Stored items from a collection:

· · · · ·

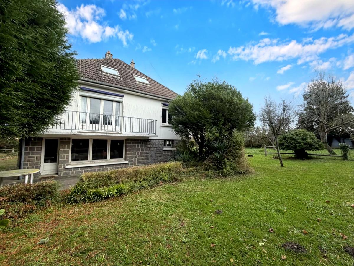 Beau jardin autour planté et arboré avec terrasse.
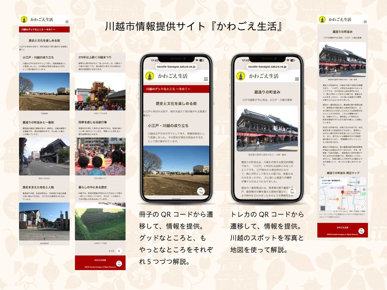 ウェブサイトは、冊子やカードで気になったところを、QRコードを使って、さらに詳しい情報を知ることができます。紙では伝えきれない耳寄りな情報を提供しています。
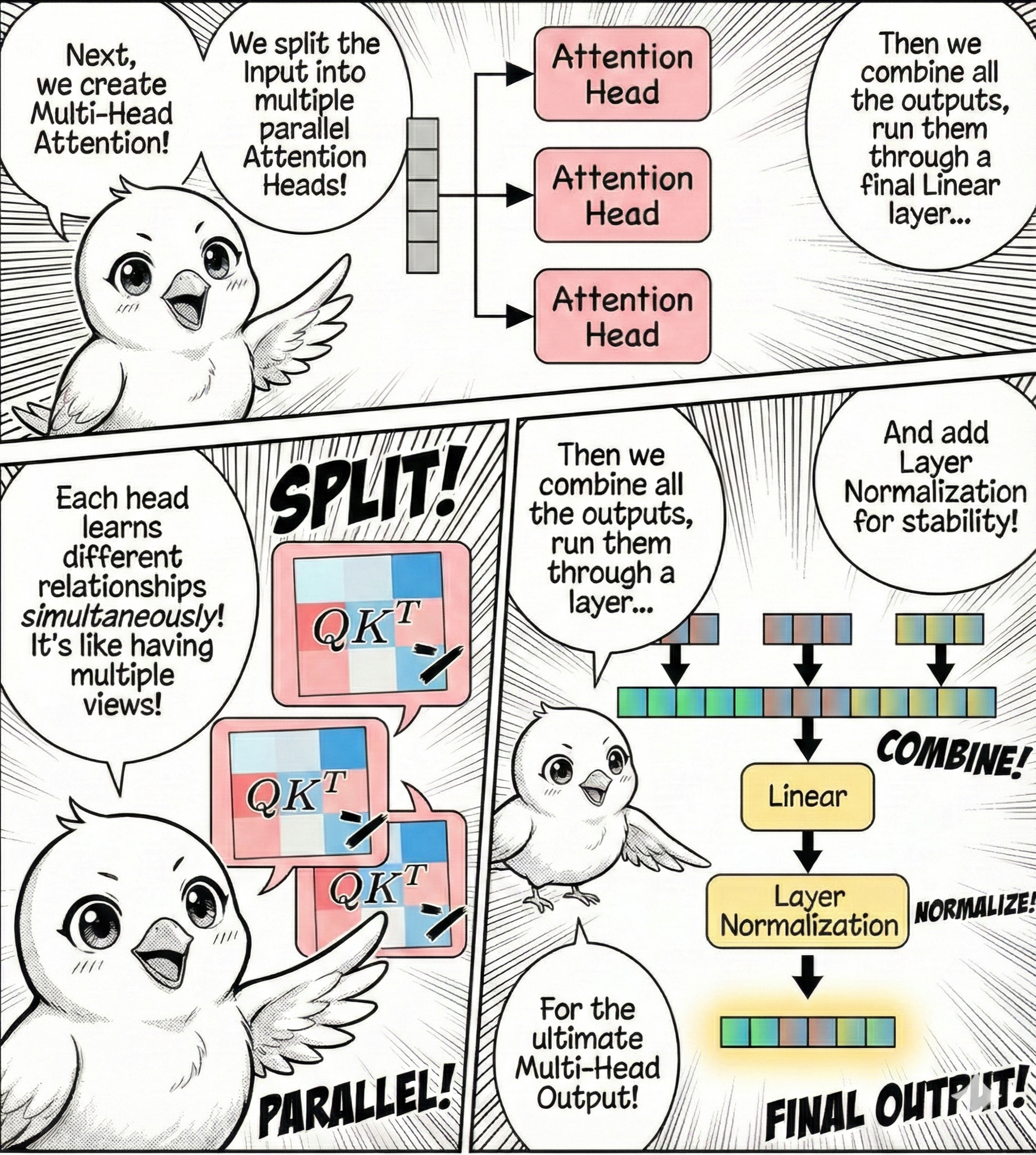 \text{Output} = \text{Linear}(\text{Concat}(\text{head}_1, \text{head}_2, \ldots, \text{head}_h))
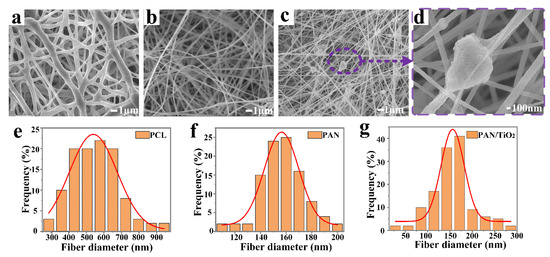 SEM of (a) PCL top layer, (b) PAN and (c,d) PAN/TiO2 substrate layer; Diameter distribution of (e) PCL top layer, (f) PAN and (g) PAN/TiO2 substrate layer.
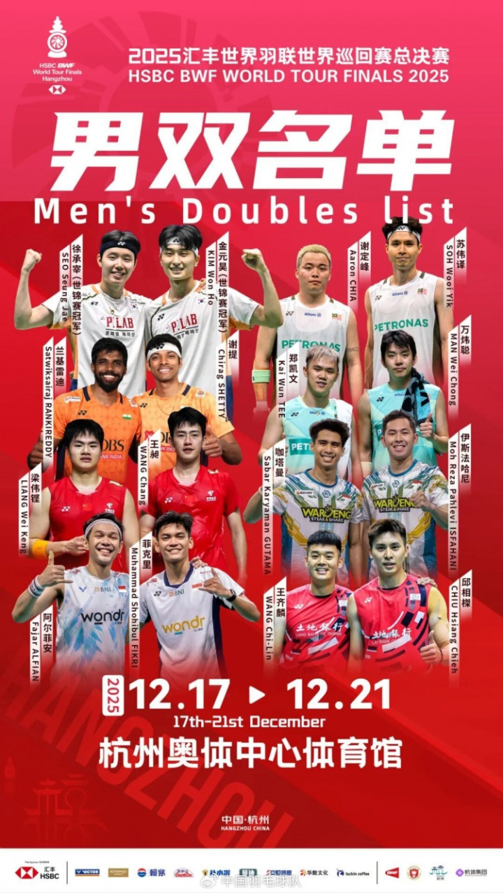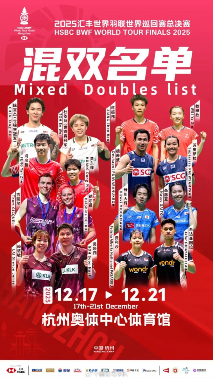总决赛五个单项的参赛名单于近日正式确定。得益于本赛季前期赛事的出色发挥,中国羽毛球队在男单、女单、女双、混双四个项目中实现满额参赛,男双则由梁伟铿/王昶独闯决赛圈,全队锁定9个参赛席位。
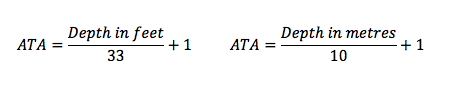 First of all we have to calculate the ATA pressure at 30m. We can do this by using the appropriate formula below.
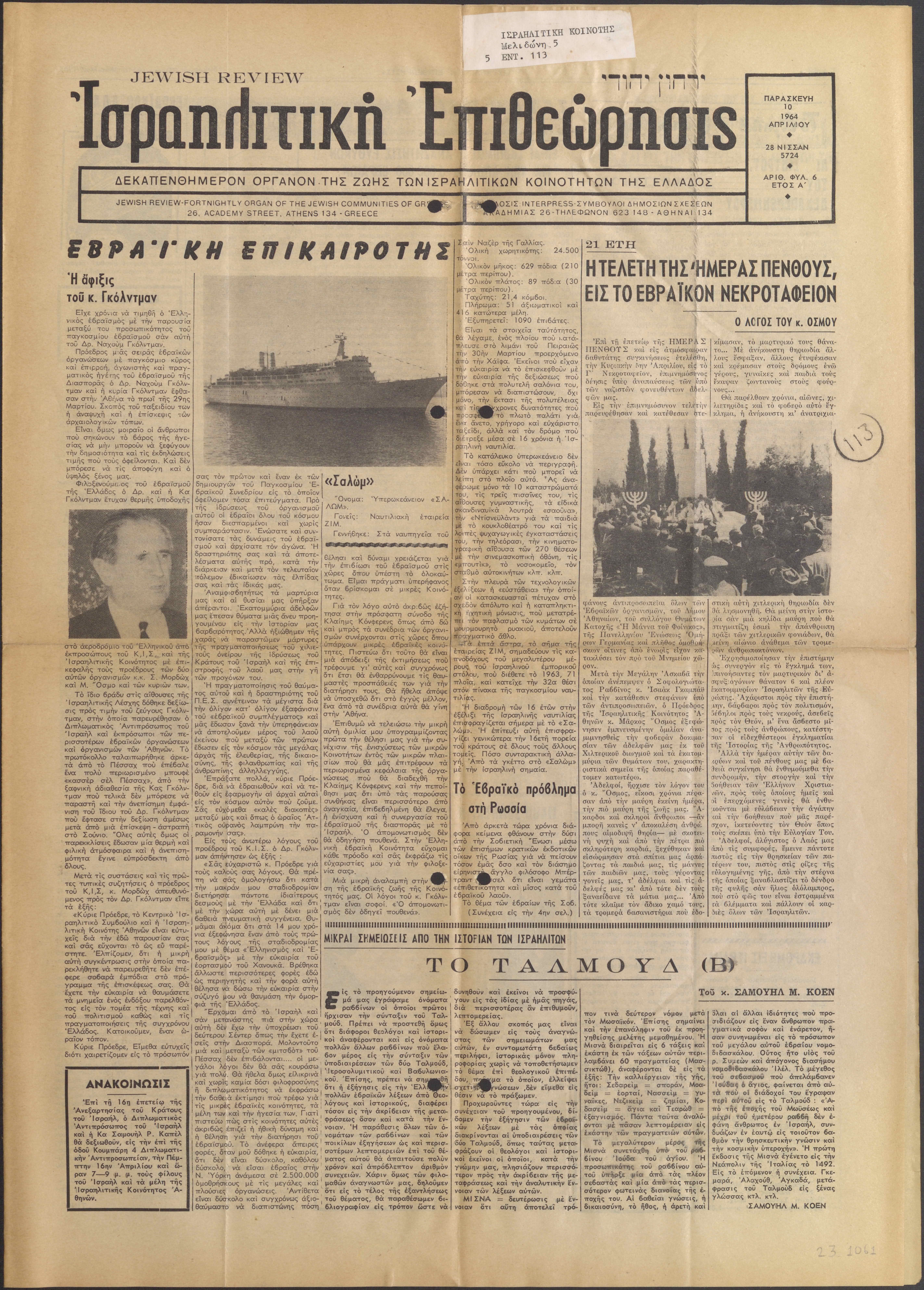 Fortnightly Οrgan of the Jewish Communities of Greece
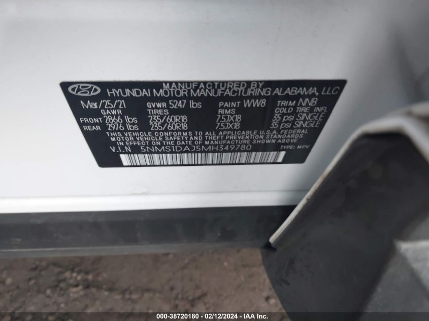 2021 Hyundai Santa Fe – 5NMS1DAJ5MH349780
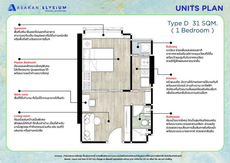 แปลนห้องพัก 1 Bedroom 31.00 ตร.ม.
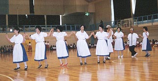 2曲目はルースニショゴフ。この曲は山梨県では知られていないので、正にウケ狙い。人数が少ないことも列の動きでカバー出来ましたし、拍手が入るせいかメンバーもノリノリ。1曲目の緊張もすっかりほぐれ、いつも通り楽しく踊れました。他サークルの方々にも、狙い通りウケてホッとしました(^^)。 |
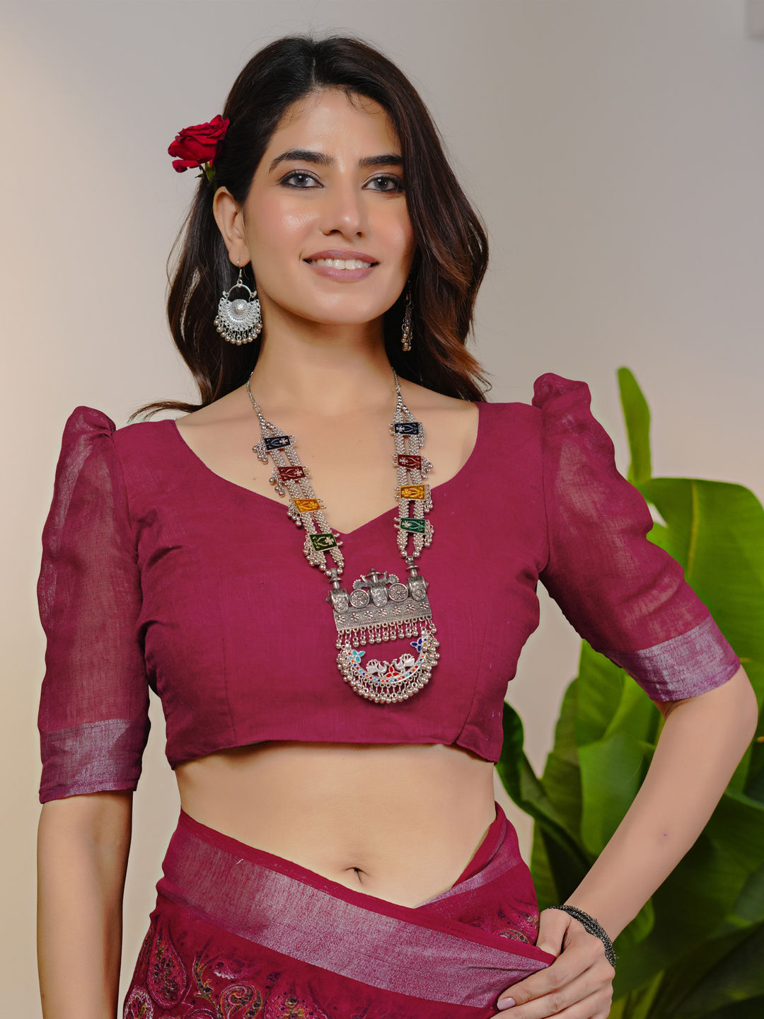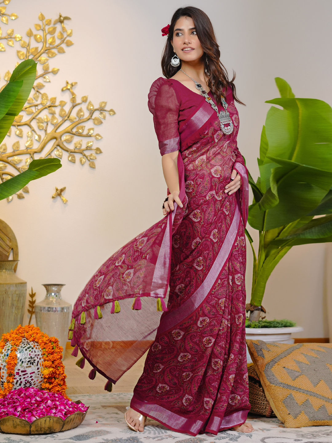 Blended Cotton Party Wear Saree in Red and Maroon with Floral work
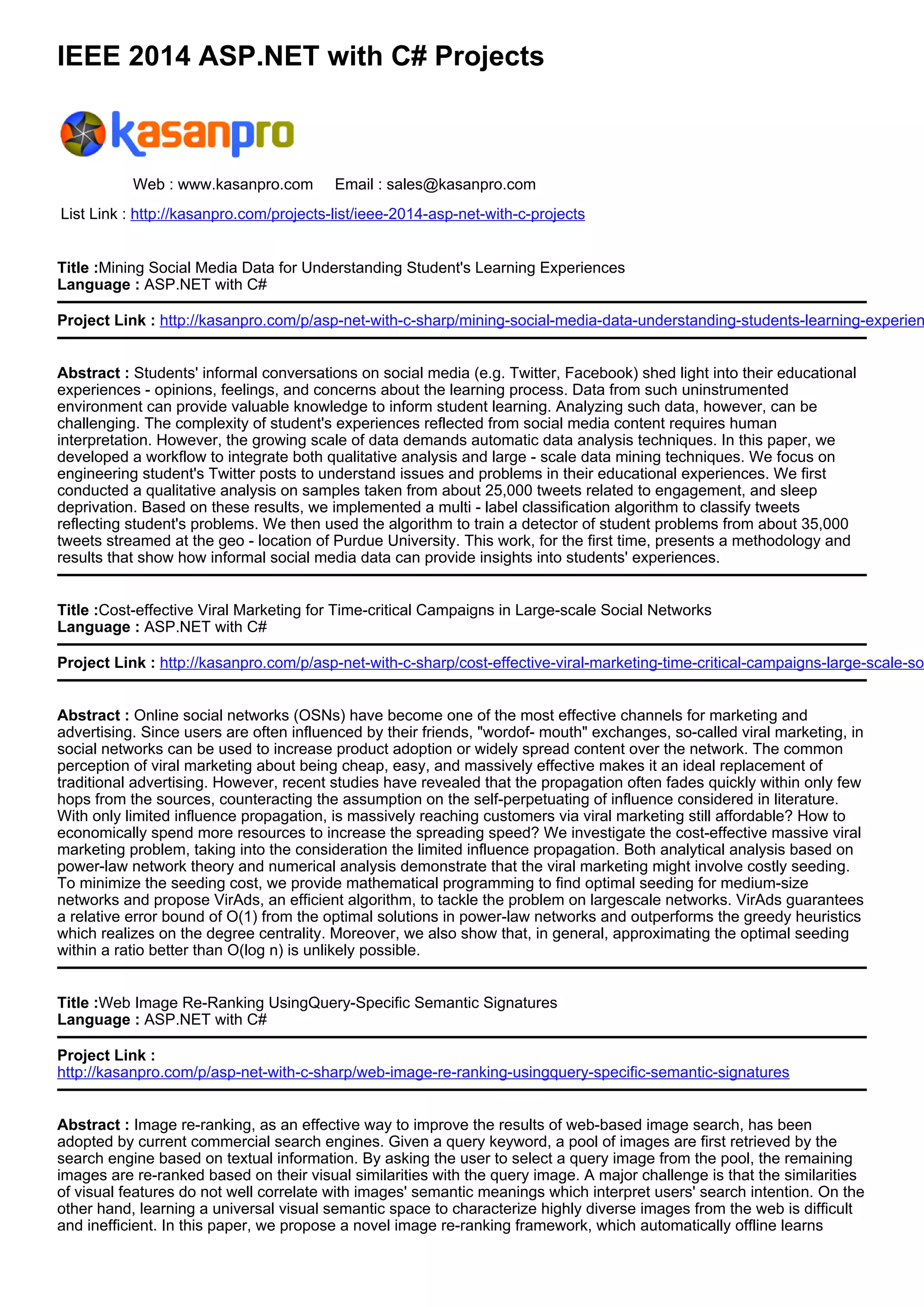 The document discusses multiple projects focused on leveraging social media data and enhancing web functionalities using ASP.NET with C#. One project develops a workflow to analyze student tweets for insights into educational experiences, while another explores cost-effective viral marketing in social networks, emphasizing the importance of optimal seeding strategies. Additionally, it presents an image re-ranking framework for improving web image search results by aligning visual features with semantic meanings.
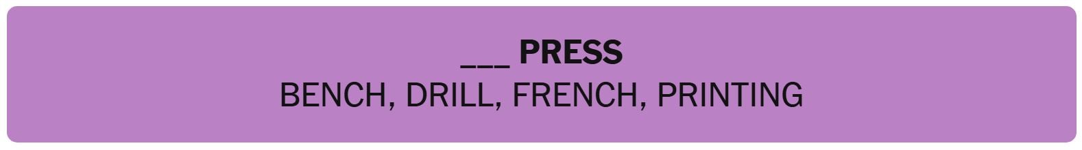 - “___ PRESS” – BENCH, DRILL, FRENCH, PRINTING
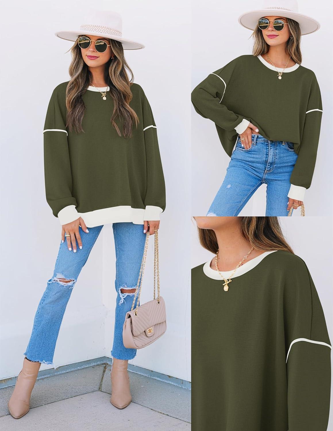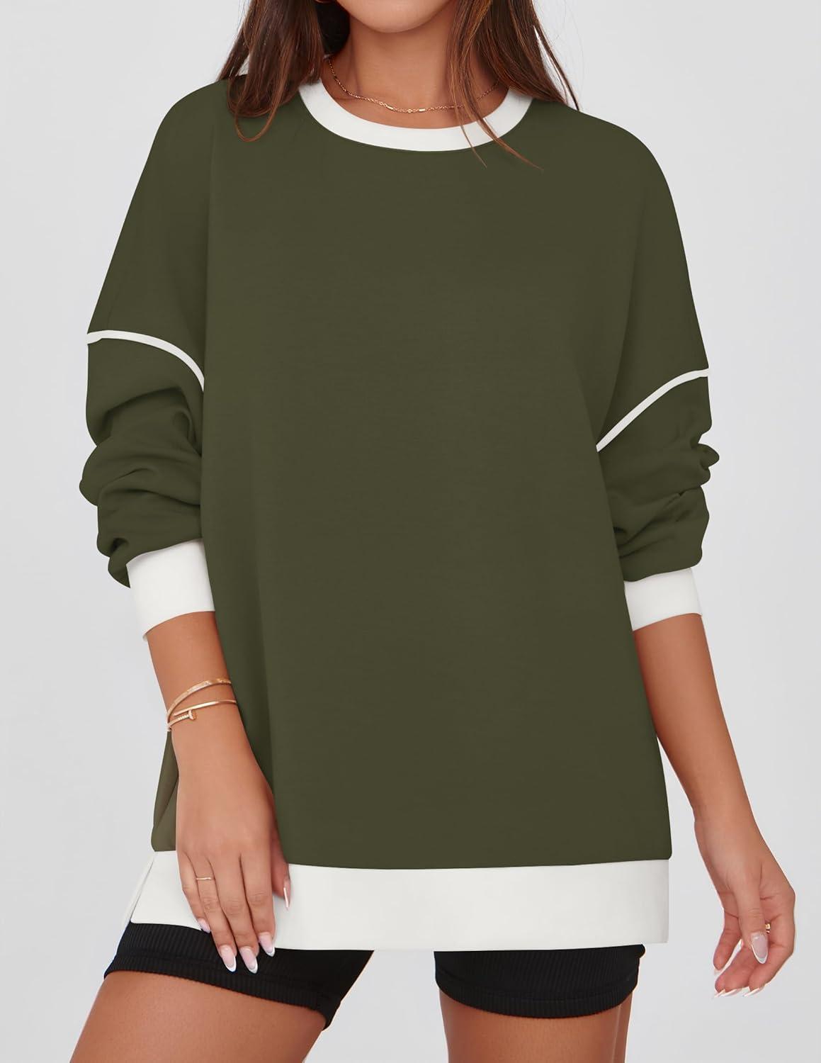 ZESICA Sweatshirts for Women Casual Long Sleeve Crewneck Contrast Color Oversized Pullover Tops Trendy Clothes(Army Green)

· · · · ·

• **Work order**
Reproduce, exactly and only, the lines of the records above starting at the line with "First of all" and ending at the line with "แปลนห้องพัก 1 Bedroom 31.00 ตร.ม.", both included. Leave every picture out.

• **Output for this task**
 First of all we have to calculate the ATA pressure at 30m. We can do this by using the appropriate formula below.
 Fortnightly Οrgan of the Jewish Communities of Greece
 2021 Hyundai Santa Fe – 5NMS1DAJ5MH349780
 แปลนห้องพัก 1 Bedroom 31.00 ตร.ม.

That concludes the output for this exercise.